Herifin bakır tokaç dediği gümüş kaplama bir heykelcikti ve uluslararası bir yarışmada Altan’ın kazandığı bir ödüldü.

Odamız pırıl pırıldı ama aradığımız kitapları, dergileri, resim káğıtlarımızı hatta çini mürekkeplerimizi bile bulamıyorduk. Biz de yenilerini almak zorunda kaldık.

Zülfü, anaç bir merhametle bizi fena halde sahiplenmişti. Adeta bir paşa hayatı yaşıyorduk. Çay ocağı konağın taa öbür tarafında olduğu için gidip çay söylemeye üşenirdik. Zülfü, bir demlik ve çaydanlık alarak bizim çay hasretimizi giderdi. Artık parayı nereden bulduğunu da sormuyorduk. Bir sürü ıvır zıvırımız eksilmiş oda tenhalaşmıştı ama aldıran kim? Demli çayın keyfini çıkarıyorduk.

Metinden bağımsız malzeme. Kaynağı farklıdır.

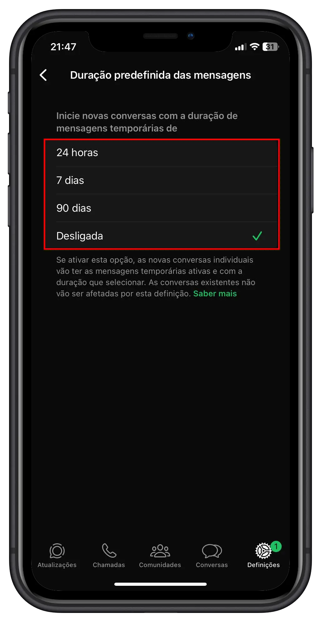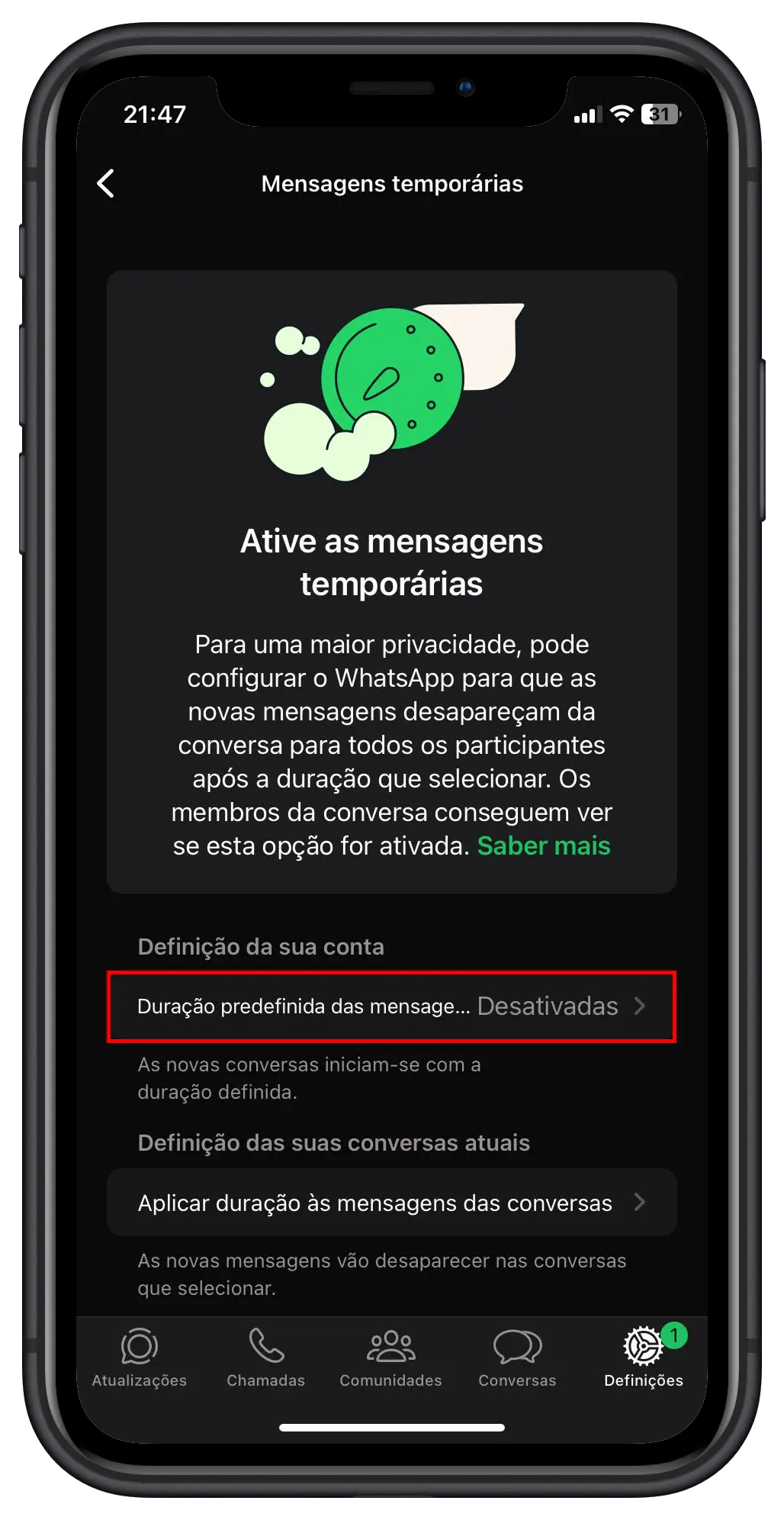 1️⃣ Ativar mensagens temporárias

Zülfü biraz tuhafçana bir adamdı.

‘‘Zülfü şu beşliği al, bana köfte ekmekle bir bira getir.’’ Az sonra,

‘‘Bu getirdiğin ne be?’’

‘‘Beyaz peynir, zeytin, ekmekle ayran… Sana o köftecinin köfteleri dokunuyo abey. Zati miden gaz yapıyo…’’

Bir keresinde Altan onu meyve aldırmaya gönderdi. Zülfü, akşama doğru nefes nefese elinde torbalarla geldi.

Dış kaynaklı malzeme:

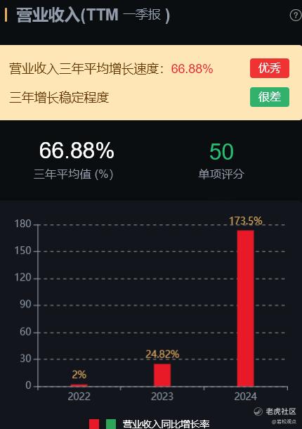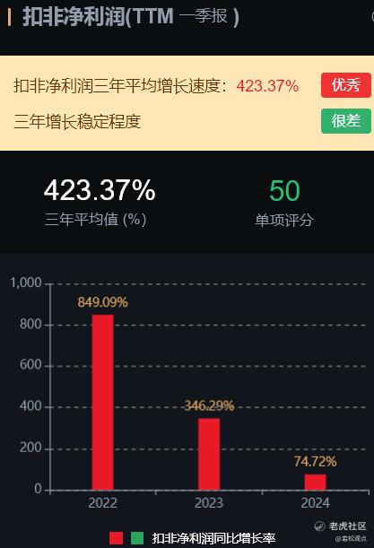 从经营层面看,营业收入三年平均增长速度:115%,扣非净利润三年平均增长速度:423%,成长性良好。

‘‘Bütün gün neredeydin lan?’’

‘‘Buradaki manav sizi kazıklıyo abey… 5 kuruşluk mandalinayı 15’e satıyo. Ben de Eminönü’ndeki pazar yerine gittim. Aynı paraya hem mandalina, hem portakal, hem de döngel aldım. Döngel sevmezseniz gidip değiştireyim. Benim canım çekmişti de…’’

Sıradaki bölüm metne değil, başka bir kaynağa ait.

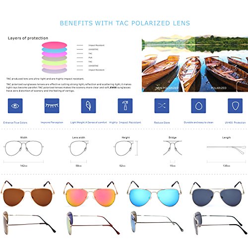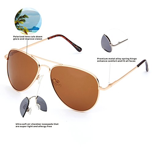 EVEE Unisex Classic Metal Aviator POLARIZED SUNGLASSES with Spring Hinge (Scout)

Zülfü, nereden bulduysa bir ara bir kömürlü ütü edindi. Biz çalışırken pantolonlarımızı çıkartıp ütülüyordu. Biz de iki dirhem bir çekirdek dolaşmaya başladık. Yalnız biz donçak çalışırken müessese müdürü ya da patronumuz Ahmet Emin Yalman’ın odamızı ziyaret etmeleri biraz tuhaf kaçtı. Zülfü, önce bir yer yatağı edindi. Sonra ona bir somya ile dolap aldık. Sofanın bir kısmını perdeyle kapatıp kendine yatak odası yaptı. Onu maaşa da bağladık.

Her şey güzeldi de, ben çizerken tepeme dikilmesine illet oluyordum. Ben, yazıp çizerken seyredilmek şöyle dursun odada sinek uçsa dağılırım. Üstelik dikilmekle kalmıyor,

‘‘Abey, bu çizdiğin herif niye gülüyoo?’’

‘‘Karşısındaki adam komik bir laf ediyor da ondan.’’

‘‘Bu komik lafı niye ediyo?’’

‘‘Okurlar gülsün diye.’’

‘‘Bu herif, bu kadar gülerse okurlar gülmez ki… Bu, şapşal şapşal bakarsa elalem daha bi güler’’ gibisinden ukalalık da ediyordu. Altan’la kişiliklerimiz çok farklıydı. O, seyredilmekten hoşlanırdı. Hatta, seyredilirken daha güzel bile çizerdi. Sanırım bu yüzden tiyatrocu oldu.

*

Bir gün Altan, öğleye kadar Zülfü’yü arandı bulamadı.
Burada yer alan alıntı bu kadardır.